Do we see evidence of SBTC in online freelancing platforms’ recent “wage structure changes?” We absolutely do. One study found “a significant increase in demand for idea planning services” and that “demand for text reviewing services and services provided by human writers with a PhD degree remains unaffected by the launch of ChatGPT” (PhD-level skills, in short, remained in demand). Another study found that even though there was reduced (relative) demand for AISW, “the remaining automation-prone jobs are of greater complexity and offer higher pay” And Mims’ WSJ article contains fascinating data from Upwork:
Of the 12 task types in this chart, 8 of them have seen pay for their high-value versions — complex and non-routine versions of the tasks — go up more than pay for low-value versions has gone down. So far, GenAI seems to increasing demand for many types of skilled freelance labor.
Still Workin’ 9 to 5
About those freelancers. The WSJ article claims that they “represent an increasing proportion of the workforce” but this does NOT mean that folk with full-time jobs represent a decreasing proportion of said workforce. Matt Darling has been making this point for a while now: America is not becoming a nation of freelancers. Or if we are, it’s in the same sense that we’re becoming a nation of hoteliers because of Airbnb.
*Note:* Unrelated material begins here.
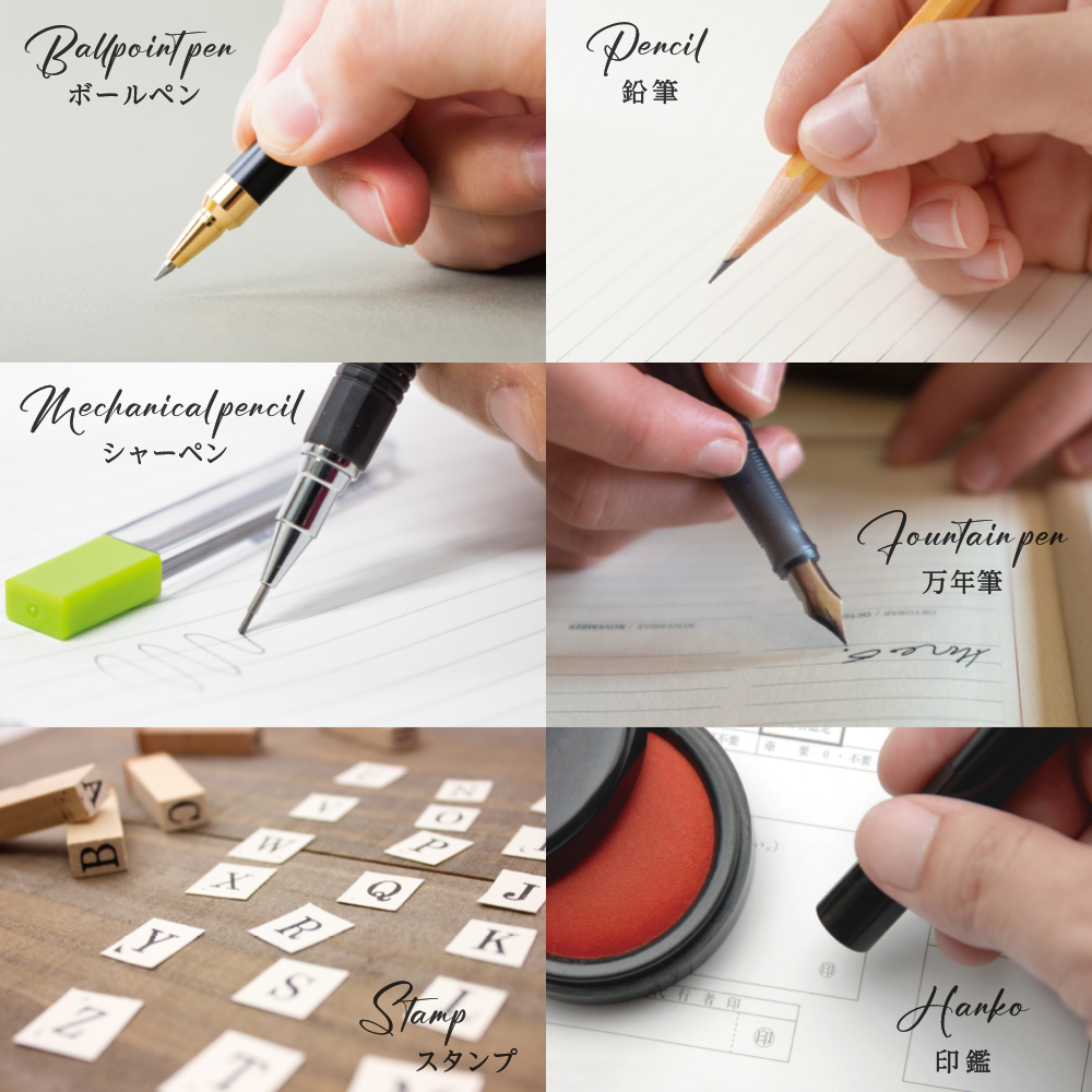 ●万年筆、ボールペン、シャーペン、筆ペン、鉛筆、ガラスペン、マーカー等どんな筆記具にも効果を発揮します。

The main trend is that most of us continue to have job-y kinds of jobs. We’re near an all-time high of full-time workers as a % of the prime-age labor force:
And as Darling has pointed out, the percentage of people holding multiple jobs is significantly lower than it was in the 1990s:
Also, freelancers themselves don’t seem too worried: An Upwork survey conducted in late 2023 — well into the era of GenAI, in other words — found that “over 85% of freelancers say the best days are ahead for freelancing.”
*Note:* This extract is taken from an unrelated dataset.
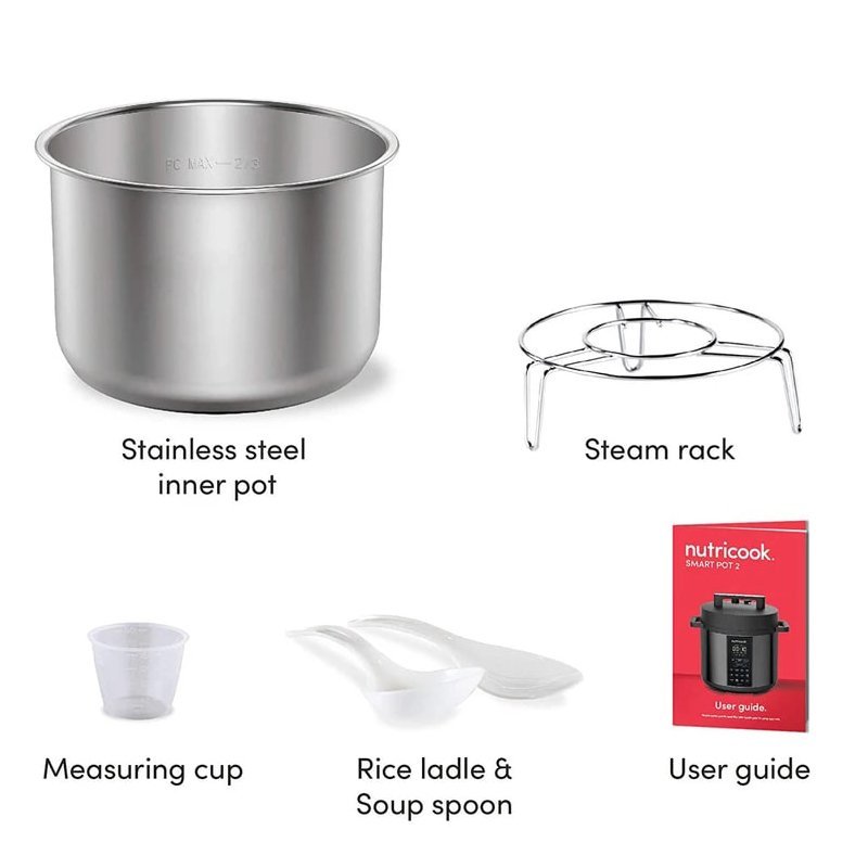 قابلمه داخلی استیل ضدزنگ، پایه مخصوص بخارپز، پیمانه مدرج، کفگیر و ملاقه |

All of the above reinforces two points for me. The first is, as I wrote in my last post here, “Both the creative and destructive sides of creative destruction are complicated phenomena — far more complicated than “powerful new technology means fast and big job losses.”” Or fast and big pay declines.
The second point is that LLMs are powerful but weird entities — ones that do by far their best work when they’re combined with a skillful human being. “For best results, combine machines and people” is one of the oldest mantras of the computer era. It dates back at least to tech guru Douglas Engelbart’s 1962 insights, and continues to be repeated by modern gurus like Jeremy Howard. Companies that get overenthusiastic about automation, like the car dealership that launched a customer-facing chatbot and wound up having to give someone a car for $1, keep relearning it. So, apparently, do headline writers at major business publications.
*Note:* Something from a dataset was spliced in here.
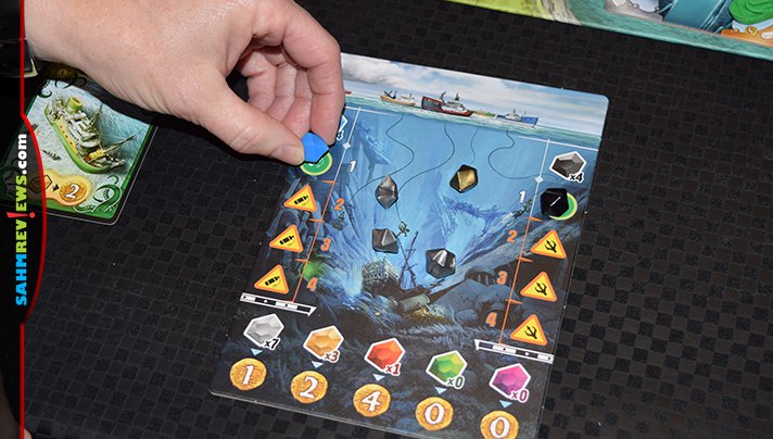 Each red, gold or silver gem drawn from the bag represents treasures that may be brought to the surface, while black and blue gems represent hazards. The first instance of a black or blue gem doesn’t do anything other than provide a warning to all players. When a second example of either of these colors is drawn, all players still in the dive must defend themselves against the hazard by either playing a matching colored card or having their boat in the correct colored scouting spot on the Wreck Tile. If they cannot, they must resurface and lose the chance to score points for collected gems. They will still earn points for any cards they played up to that point.

For books, your editor and publisher are usually willing to work with you to find a mutually agreeable title. However, they’re weirdly inflexible on the design of the cover. My guess is that this is because most authors have lousy ideas here. Whatever the reason, interactions between authors and publishers about the cover are bizarre. I get the strong impression that the designer and the publisher’s art department in general want absolutely nothing to do with the actual people who actually wrote the book. It got comical on one of my books; my editor set up a back channel to send me images of what the art department was thinking and get my feedback. Such back and forth was a deep norm violation on his part.
Custom demands a footnote here clarifying that the full name of the prize is “The Sveriges Riksbank Prize in Economic Sciences in Memory of Alfred Nobel.” I don’t make the rules.
Jan’s younger brother Nikolas also won a Nobel, in 1973 for Physiology and Medicine. Something tells me that you had to come correct to dinner in the Tinbergen household.